I particularly liked this one



man was a genius. time well sent


----------



## Scar Symmetry (May 4, 2009)

interesting, George Carlin is basically me but... dead


----------



## JakeRI (May 4, 2009)

Scar Symmetry said:


> interesting, George Carlin is basically me but... dead



haha i know what you mean


----------



## Scar Symmetry (May 4, 2009)

there's never been a word George Carlin said on tape that I didn't agree with.


----------



## JakeRI (May 5, 2009)

Scar Symmetry said:


> there's never been a word George Carlin said on tape that I didn't agree with.



haha i know what you mean, i feel the same way. he is a genius


----------



## synrgy (May 5, 2009)

The man was simply brilliant. I don't usually care when celebrities kick the bucket, but I still feel quite sad every time I think about him not being around any more.

I had the distinct pleasure of seeing him live @ the Kennedy Center in 1993, (for my 13th birthday!!) when he was arguably in his prime.


----------



## JakeRI (May 5, 2009)

synrgy said:


> The man was simply brilliant. I don't usually care when celebrities kick the bucket, but I still feel quite sad every time I think about him not being around any more.
> 
> I had the distinct pleasure of seeing him live @ the Kennedy Center in 1993, (for my 13th birthday!!) when he was arguably in his prime.



he had a 40 year "prime" haha


----------



## synrgy (May 5, 2009)

JakeRI said:


> he had a 40 year "prime" haha



Totally.

I only said it the way I did because I noticed somewhere over the last 3-4 years that he was still touring that he had _finally_ lost a little bit of his mojo -- looked a little tired, a little slow. His last HBO special was where I think I noticed it first. 

*edit* I just got through the video you posted. I can't believe they made it through that taping without somebody throwing shit at the guy sitting to George's left. People like that make me ashamed to be part of this species.


----------



## Scar Symmetry (May 5, 2009)

yeah the guy who gets cut up about what George says is a total pussy hahaha


----------



## JakeRI (May 5, 2009)

republicans haha. i love this one too.
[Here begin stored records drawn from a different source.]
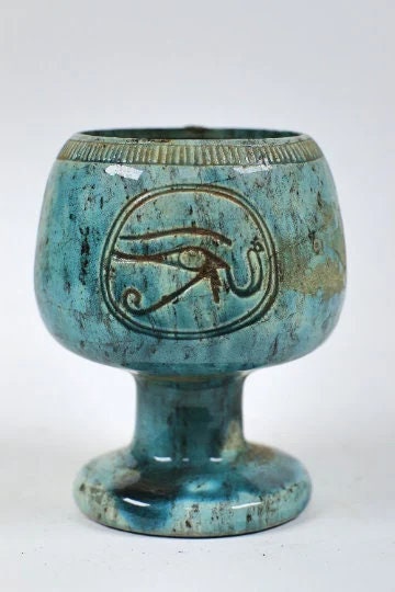 Enthralling Vintage Ancient Egyptian Cup – Eye of Horus carving – Handmade of flame stone with marvelous glaze touching in Egypt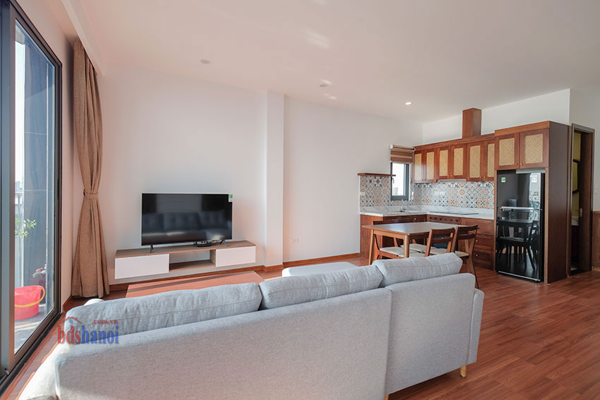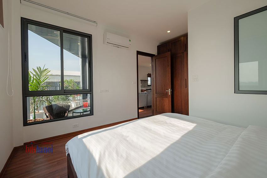 - Tầng 2 đến tầng 7 mỗi tầng là 1 căn hộ dịch vụ 2 phòng ngủ, 1 phòng khách và bếp mở, có ban công, tầng cao view hồ, tất cả đều được trang bị đầy đủ đồ không thiếu gì, khách chỉ việc xách valy vào ở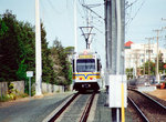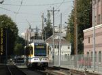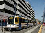 Sacramento CAF LRV #239 approaching Sacramento Valley Station. Photo by Peter Ehrlich, May 2008.

At first i was like "he's an idiot" but at the end i was like "jesus! he's right"


----------



## cyberwaste6996 (May 5, 2009)

One of my biggest regrets is that I never got to see him live...I watched some of his hbo specials shortly after he died and they seemed funnier...I guess I have more appretiation for his work.


----------



## jaredowty (May 14, 2009)

I love George Carlin, rational and hilarious, it was sad to see him go. Bill Maher is the shit too.


----------



## JakeRI (May 17, 2009)

jaredowty said:


> I love George Carlin, rational and hilarious, it was sad to see him go. Bill Maher is the shit too.
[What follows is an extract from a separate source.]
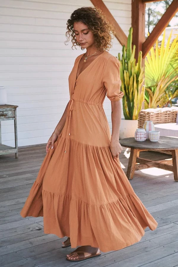 Adorned in a honey-coloured golden hue, this dress adds a touch of warmth and radiance to your ensemble. The Tessa Maxi Dress speaks of sun-kissed afternoons and carefree moments, making it an ideal choice for a variety of settings.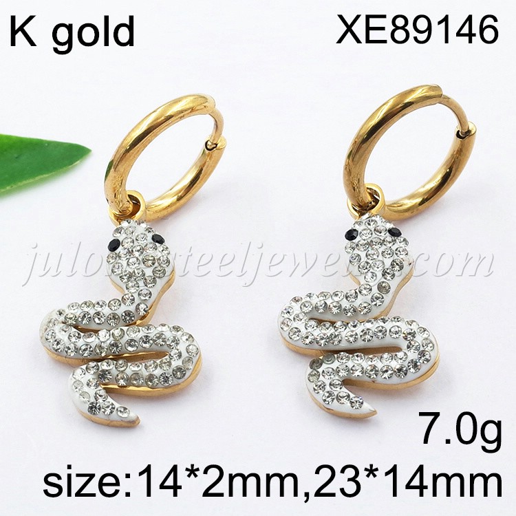 Stainless Steel Jewelry White Clay Sticky Rhinestone Snake Golden Drop Earrings

bill maher is the shit 50% of the time IMO. he can be a complete idiot some times


----------



## Triple7 (Jun 10, 2009)

I have been a Carlin fan for years, that dude was fucking genius! I wish he was still around man.


----------



## liamliam666 (Mar 9, 2010)

i can't even put into words how much this guy means to me man, man the guy is a pure legend. There is nothing i disagree with on any of his shows.

True, true inspiration.

R.I.P


----------



## Scar Symmetry (Mar 9, 2010)

JakeRI said:


> republicans haha. i love this one too. At first i was like "he's an idiot" but at the end i was like "jesus! he's right"




300% true.


----------



## Winspear (Mar 9, 2010)

I'm not really a stand up guy at all, but I did spend a whole day watching this guy on Youtube a year ago and loved every minute of it, so I guess it's fair to say he is my favourite comedian.


----------



## TaronKeim (Mar 9, 2010)

Saving the Planet and his allusion to A.I.D.S being a "human cleansing" tactic is f*cking brilliant.

I wept the day Carlin died and watch his material on a weekly basis. Him and Bill Hicks were in a league of their own.

_TJK*


----------